Off-label drug use embodies a thorough clinical diagnosis and evaluation of treatment needs and should not be confused with unreasonable drug use, but it also faces potential risks with drug safety and legal issues. We first established a guideline working group. Following the guideline development process recommended by the World Health Organization Handbook and the Chinese Medical Association, the key questions were determined through literature searches of PubMed, CNKI (Chinese National Knowledge Infrastructure) and other databases. Both the evidence and the clinicians’ diagnosis and treatment workload were considered to formulate the initial recommendations. Finally, two rounds of Delphi surveys and one expert seminar were organized to determine the final recommendations of this guideline. Meanwhile, we graded the recommendations based on the body of evidence.
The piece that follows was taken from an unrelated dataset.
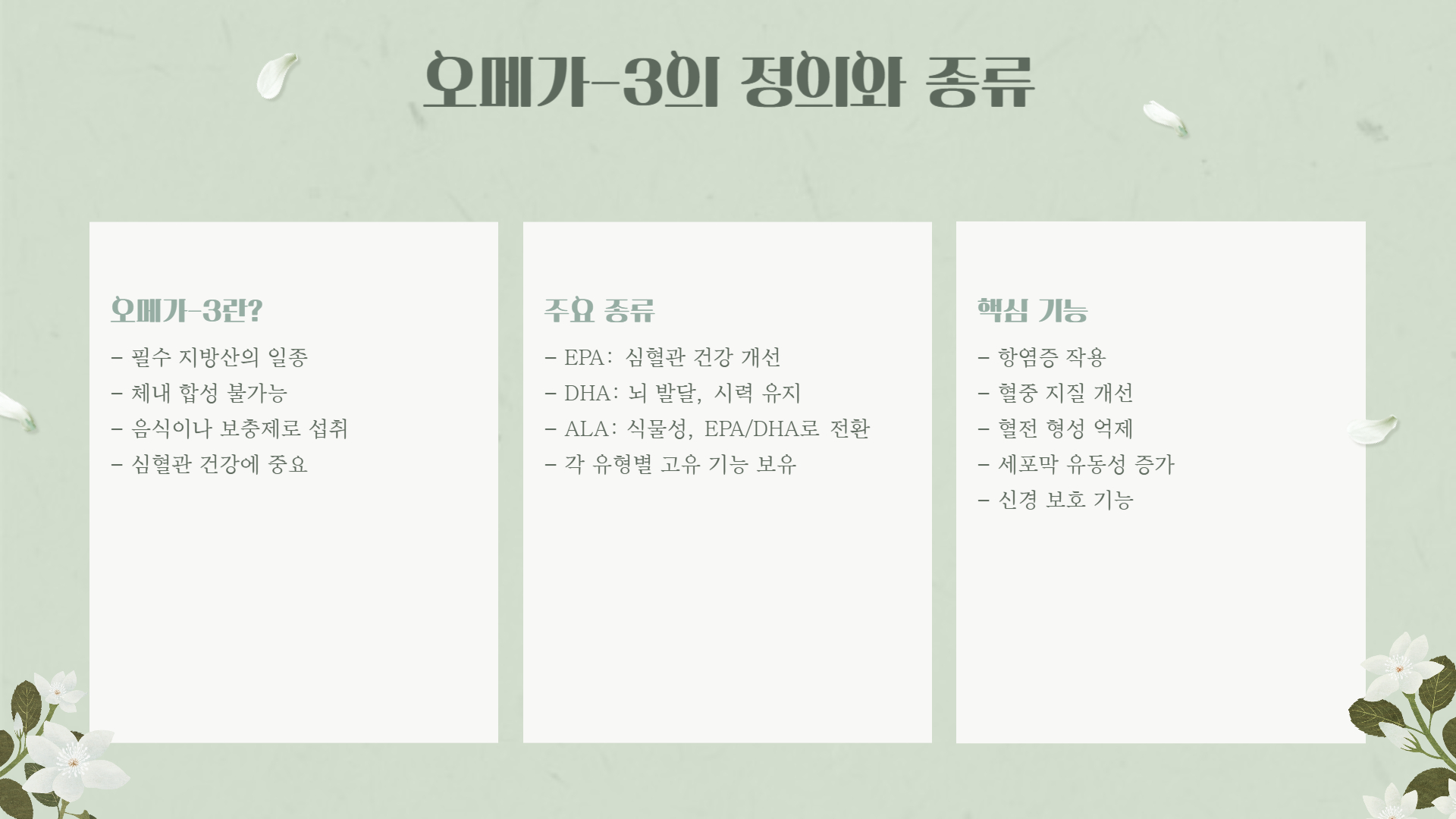 오메가-3 지방산은 우리 몸에 꼭 필요한 필수 지방산으로, 체내에서 합성되지 않기 때문에

We determined nine questions and proposed a total of 23 recommendations regarding the definition of off-label use of drugs, applicable circumstances, classification of evidence, informed consent, legal basis, adverse drug reaction monitoring and evaluation, management procedure, responsibilities and obligations of different stakeholders, medical insurance reimbursement, and the national approval system. This guideline standardized clinical off-label drug use and provided suggestions and references for the management of off-label drug use.

药品超说明书用药（off-label drug use）体现了对治疗需求的全面临床诊断与评估，不应与不合理用药相混淆，但同时也面临药品安全与法律合规等潜在风险。本研究首先组建了指南制定工作组，遵循《世界卫生组织指南制定手册》（World Health Organization Handbook）及中华医学会推荐的指南制定流程，通过检索PubMed、中国知网（Chinese National Knowledge Infrastructure，CNKI）等数据库确定核心研究问题，综合考量循证证据与临床医师诊疗工作量，制定初步指南推荐意见。最终通过两轮德尔菲（Delphi）专家咨询及1次专家研讨会，确定本指南的最终推荐意见。同时，本研究基于证据体对推荐意见进行了分级。本研究明确了9个核心议题，共提出23条推荐意见，涉及药品超说明书用药的定义、适用情形、证据分级、知情同意、法律依据、药品不良反应监测与评价、管理流程、不同利益相关方的权责、医保报销及国家审批制度等内容。本指南实现了临床药品超说明书用药的规范化管理，为超说明书用药的管理工作提供了参考依据与实践建议。